Crucially, the alternative programs launched by the New York courts target not just felony defendants but also people charged with misdemeanors.  Misdemeanor convictions may expose defendants to less time behind bars, but the consequences can be long-lasting in terms of employment, housing, child custody, student loans, immigration status, and a host of government benefits. For many, a misdemeanor conviction is another step along a path that leads toward a life of poverty.
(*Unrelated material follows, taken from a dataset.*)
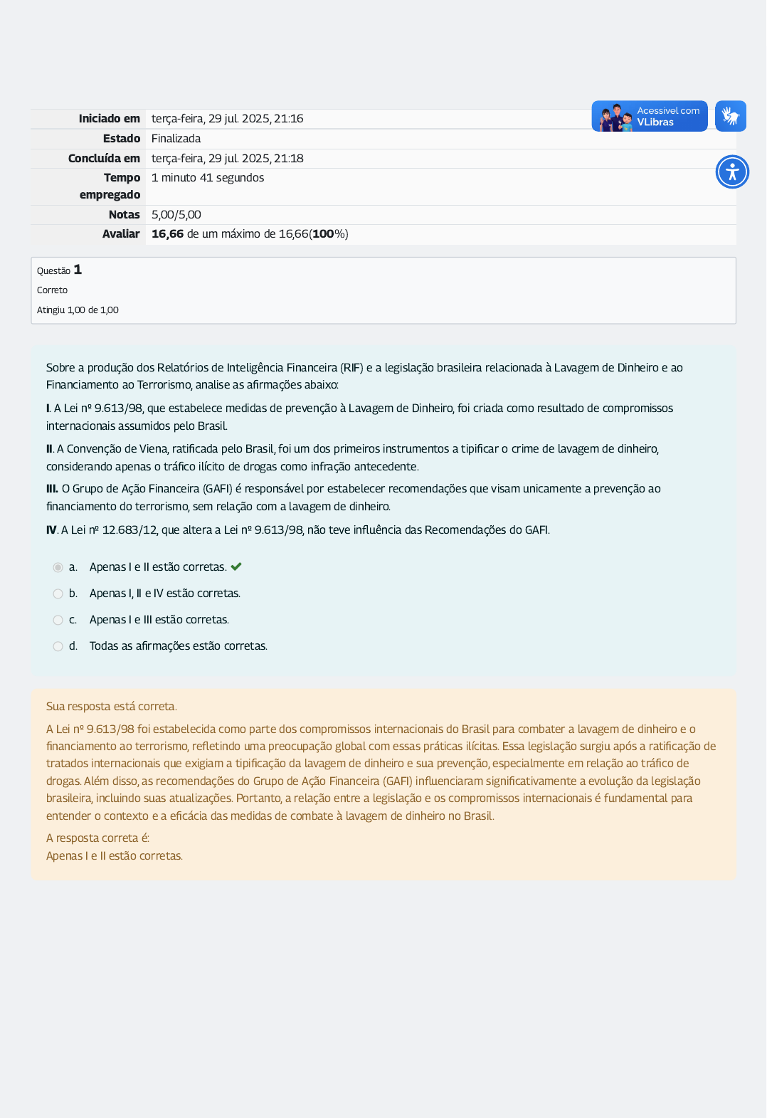 Iniciado em terça-feira, 29 jul. 2025, 21:16 Estado Finalizada Concluída em terça-feira, 29 jul. 2025, 21:18 Tempo empregado 1 minuto 41 segundos Notas 5,00/5,00 Avaliar 16,66 de um máximo de 16,66(100%) Questão 1 Correto Atingiu 1,00 de 1,00 Sobre a produção dos Relatórios de Inteligência Financeira (RIF) e a legislação brasileira relacionada à Lavagem de Dinheiro e ao Financiamento ao Terrorismo, analise as afirmações abaixo: I. A Lei nº 9.613/98, que estabelece medidas de prevenção à Lavagem de Dinheiro, foi criada como resultado de compromissos internacionais assumidos pelo Brasil. II. A Convenção de Viena, ratificada pelo Brasil, foi um dos primeiros instrumentos a tipificar o crime de lavagem de dinheiro, considerando apenas o tráfico ilícito de drogas como infração antecedente. III. O Grupo de Ação Financeira (GAFI) é responsável por estabelecer recomendações que visam unicamente a prevenção ao financiamento do terrorismo, sem relação com a lavagem de dinheiro. IV. A Lei nº 12.683/12, que altera a Lei nº 9.613/98, não teve influência das Recomendações do GAFI. a. Apenas I e II estão corretas. b. Apenas I, II e IV estão corretas. c. Apenas I e III estão corretas. d. Todas as afirmações estão corretas. Sua resposta está correta. A Lei nº 9.613/98 foi estabelecida como parte dos compromissos internacionais do Brasil para combater a lavagem de dinheiro e o financiamento ao terrorismo, refletindo uma preocupação global com essas práticas ilícitas. Essa legislação surgiu após a ratificação de tratados internacionais que exigiam a tipificação da lavagem de dinheiro e sua prevenção, especialmente em relação ao tráfico de drogas. Além disso, as recomendações do Grupo de Ação Financeira (GAFI) influenciaram significativamente a evolução da legislação brasileira, incluindo suas atualizações. Portanto, a relação entre a legislação e os compromissos internacionais é fundamental para entender o contexto e a eficácia das medidas de combate à lavagem de dinheiro no Brasil. A resposta correta é: Apenas I e II estão corretas. Questão 2 Correto Atingiu 1,00 de 1,00 Na Abordagem Baseada em Risco (ABR), os recursos limitados devem ser empregados da maneira mais eficiente possível, de maneira a distribuir: a. Para as fontes de maiores riscos, a menor atenção. b. Para as fontes de maiores riscos, a maior atenção. c. Atenção equilibrada para todas as fontes de risco, independentemente do tamanho de risco que representam. d. Para as fontes de menor risco, maior atenção. Sua resposta está correta. Na Abordagem Baseada em Risco (ABR), a alocação de recursos deve ser feita de forma a concentrar esforços e atenção nas áreas que apresentam maior risco. Isso significa que atividades, setores ou fontes identificadas como mais propensas a riscos devem receber mais atenção e monitoramento, garantindo assim uma utilização mais eficiente e eficaz dos recursos disponíveis. Essa estratégia visa maximizar a prevenção e a detecção de atividades ilícitas, como a lavagem de dinheiro e o financiamento do terrorismo. A resposta correta é: Para as fontes de maiores riscos, a maior atenção. Questão 3 Correto Atingiu 1,00 de 1,00 As medidas de Prevenção à Lavagem de Dinheiro e Financiamento ao Terrorismo estão estruturadas em quais ações? a. Prevenção de compra e venda de moeda estrangeira ou ouro como ativo financeiro ou instrumento cambial. b. Captação, intermediação e comunicação de operações suspeitas de recursos financeiros de terceiros, em moeda nacional ou estrangeira. c. Manutenção de registros e monitoração de empresas de transporte e guarda de valores. d. Identificação dos clientes, manutenção de registros e comunicação de operações suspeitas. Sua resposta está correta. As medidas de prevenção à lavagem de dinheiro e ao financiamento do terrorismo são fundamentadas em ações que incluem a identificação adequada dos clientes (Know Your Customer - KYC), a manutenção de registros das transações e operações realizadas, e a comunicação de quaisquer operações suspeitas às autoridades competentes. Essas ações são essenciais para monitorar e detectar atividades financeiras ilegais, assegurando a conformidade com as legislações pertinentes e as recomendações internacionais. A resposta correta é: Identificação dos clientes, manutenção de registros e comunicação de operações suspeitas. Questão 4 Correto Atingiu 1,00 de 1,00 Nas alternativas abaixo, assinale aquela que apresenta respectivamente: Órgão com competência para processar e julgar o crime de lavagem de dinheiro; Órgãos com atribuição de realizar investigações sobre o crime de lavagem de dinheiro. a. Ministério Público Federal, Banco Central do Brasil e Polícia Federal. b. Justiça Federal, Polícia Federal e Ministério Público Federal. c. COAF, Justiça Federal e Polícia Federal. d. Polícia Federal e Ministério Público. Sua resposta está correta. O processamento e julgamento do crime de lavagem geralmente ocorrem na Justiça Federal, especialmente em casos envolvendo infrações penais relacionadas ao sistema financeiro nacional. Já as investigações são realizadas por órgãos competentes, como a Polícia Federal e o Ministério Público, que têm a atribuição de reunir evidências e promover a ação penal. A compreensão das funções de cada órgão é essencial para entender a estrutura de combate à lavagem de dinheiro no Brasil. A resposta correta é: Justiça Federal, Polícia Federal e Ministério Público Federal. Questão 5 Correto Atingiu 1,00 de 1,00 Assinale a alternativa que apresenta alguns dos critérios objetivos que permitem as pessoas obrigadas comunicarem ao COAF transações suspeitas, de acordo com a Lei 9.613/98: I- Transações possíveis de serem convertidas em dinheiro. II- Transações que possuem indícios de crimes financeiros. III- Valore

While much of the popular discussion focuses on federal sentencing guidelines and the need to reduce state prison populations, there is significant work to be done at the local level to reduce the use of jail.  (Jails are typically administered by counties and are designed to hold defendants awaiting trial and inmates sentenced to a term of less than 1 year. Prisons are run by the state or the federal government and typically hold inmates serving sentences of more than 1 year.)

One of the hidden truths of the justice system is that minor cases are much more voluminous than serious offenses. As John Jay College recently documented, nearly 75 percent of the arrests that the police make in New York City are for misdemeanor crimes – more than 235,000 in 2012, for example.

In response to the preponderance of minor cases, the New York courts (with an assist from the Center for Court Innovation) created Bronx Community Solutions to provide criminal court judges in the Bronx with additional sentencing options for non-violent offenses such as drug possession, shoplifting and prostitution.  This includes community restitution projects as well as social service classes, job training and individual counseling.

One challenge that has long plagued alternative-to-incarceration programs is the Field of Dreams question: if you build it, will they come?  Will judges actually avail themselves of alternatives?

The experience in the Bronx suggests that when alternative programs have been developed with the active involvement of the judiciary, they are more likely to win the support of the judges on the ground who ultimately determine whether someone is incarcerated or stays in the community.  According to the New York City Mayor’s Office, after Bronx Community Solutions began offering alternative sentences to misdemeanor defendants in the Bronx, the percentage of convicted defendants sentenced to jail fell from 23.7 percent in 2004 to 13.5 percent in 2012—a 43 percent reduction.  Keep in mind, this is not a boutique program dealing with a handful of participants; each year Bronx Community Solutions works with about 9,000 defendants.

But this battle is by no means won—plenty of work remains to reduce the number of people in Rikers Island, particularly those who are detained pre-trial.  However, Bronx Community Solutions has made one thing perfectly clear: change is possible—even in high-volume, urban justice systems.